# Australia's gigantic new warship



## bianco (Apr 10, 2014)

Impressive pictures of the NUSHIP Canberra, Australia?s massive new warship | News.com.au

_*Impressive pictures of the NUSHIP Canberra, Australia&#8217;s massive new warship *_

#####

I got all excited when I first saw this story, expecting to see an actual warship...warship armed to the teeth with the latest air and sea defence systems, the best fighter-bombers, big guns, launchers for missiles with nuke warheads, etc...a la the 'USS Missouri' shown in the movie Under Siege...
...not just a big troop carrier/cargo ship.


----------



## longknife (Apr 10, 2014)

This should help show its size:







Here;s one of ours:


----------



## PredFan (Apr 10, 2014)

Ever seen an Enterprise Class US Aircraft Carrier?


----------



## NLT (Apr 10, 2014)

Exactly pred.


----------



## longknife (Apr 10, 2014)

PredFan said:


> Ever seen an Enterprise Class US Aircraft Carrier?



Oh yeah. Certain I posted this before but once saw one leave San Francisco while the USN New Jersey entered. The big flat top totally hid the battleship like it was a puny destroyer.


----------



## HereWeGoAgain (Apr 10, 2014)

I guess size is relative in this case.
  Enterprise 1,123 ft
  Canberre 754 ft.


----------



## bianco (Apr 10, 2014)

NLT said:


> Exactly pred.



That is what I expected to see...but alas it's nothing like that.
It's basically a troop carrying cargo ship.

Very disappointing.


----------



## bianco (Apr 10, 2014)

https://www.flickr.com/photos/41311545@N05/3997356071/ 

_*Aug. 1964: spectators gather for USS ENTERPRISE, first nuclear carrier to visit Sydney *

Around 200 spectator craft followed 'The Big E,' down the Harbour, and an estimated 100,000 lined the shores.

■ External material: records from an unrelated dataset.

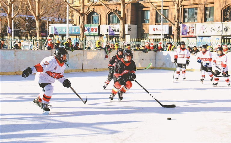 第十五小学第二届冰雪运动会上的冰球比赛。
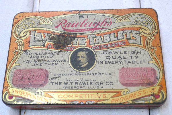 アメリカ中西部・イリノイ州 シカゴで見つけました・・『THE W.T. RAWLEIGH CO.』の【Rawleigh's Laxative Tablets】ヴィンテージ・ティン缶です。
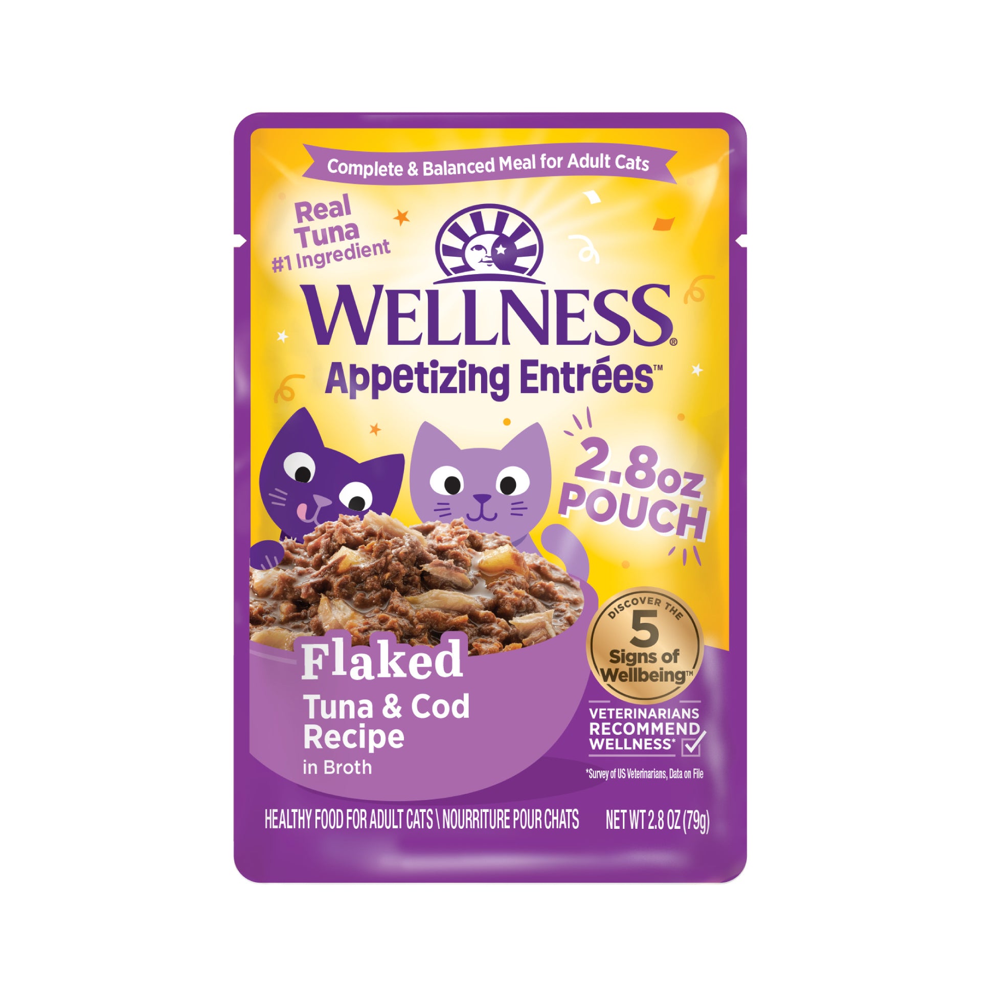 MOUTHWATERING MEALS CATS CRAVE: Delicious, protein-rich meals featuring real tuna as the #1 ingredient now in 2.8 oz pouches. More bites for more purrs! COMPLETE & BALANCED MEAL: Wellness® Appetizing Entrées™ offers complete and balanced nutrition for adult cats and is crafted with real, high-quality, natural* ingredients. *with added vitamins, minerals & taurine SUPPORTS HEALTHY HYDRATION: Moisture-rich meals made with delicious broth to support cat’s daily hydration VARIETY OF FORMS & FLAVORS: Mix & match between mouth-watering recipes and different forms to support your cat’s daily nutrition VETERANIARIAN RECOMMENDED**: Each recipe is crafted to support the 5 Signs of Wellbeing™: Sustained Energy, Highly Digestible, Healthy Skin & Coat, Immune Health, and Healthy Teeth & Bones **Survey of US Veterinarians. Data on File.

She received almost 10.000 visitors.

A number of USN super carriers have now visited Australia transiting from the Persian Gulf, but USS ENTERPRISE's 1964 visit had a special aura, being the first time these huge ships were seen 'Down Under.'

The 73,858-92,325 tons full load carrier remains the longest [1,123ft -342m] but not the largest built, later being exceeded in tonnage by the ten ships of the Nimitz Class. The Nimitz Class carriers are 101,000 long tons full load, and 1092' or 332.8m in length._

#####

I was one of the 10,000 visitors.
I climbed all over it...where we were allowed to go...massive it surely was.


----------



## Vikrant (Apr 12, 2014)

I s Australia getting ready to intimidate IOR countries? What is the deal here? Why does a country like Australia with no global footprint need warships? This money could have been wisely spent on uplifting the lives of native Australians who are still waiting for justice and fairness from white Aussies.


----------



## Meathead (Apr 12, 2014)

Vikrant said:


> I s Australia getting ready to intimidate IOR countries? What is the deal here? Why does a country like Australia with no global footprint need warships? This money could have been wisely spent on uplifting the lives of native Australians who are still waiting for justice and fairness from white Aussies.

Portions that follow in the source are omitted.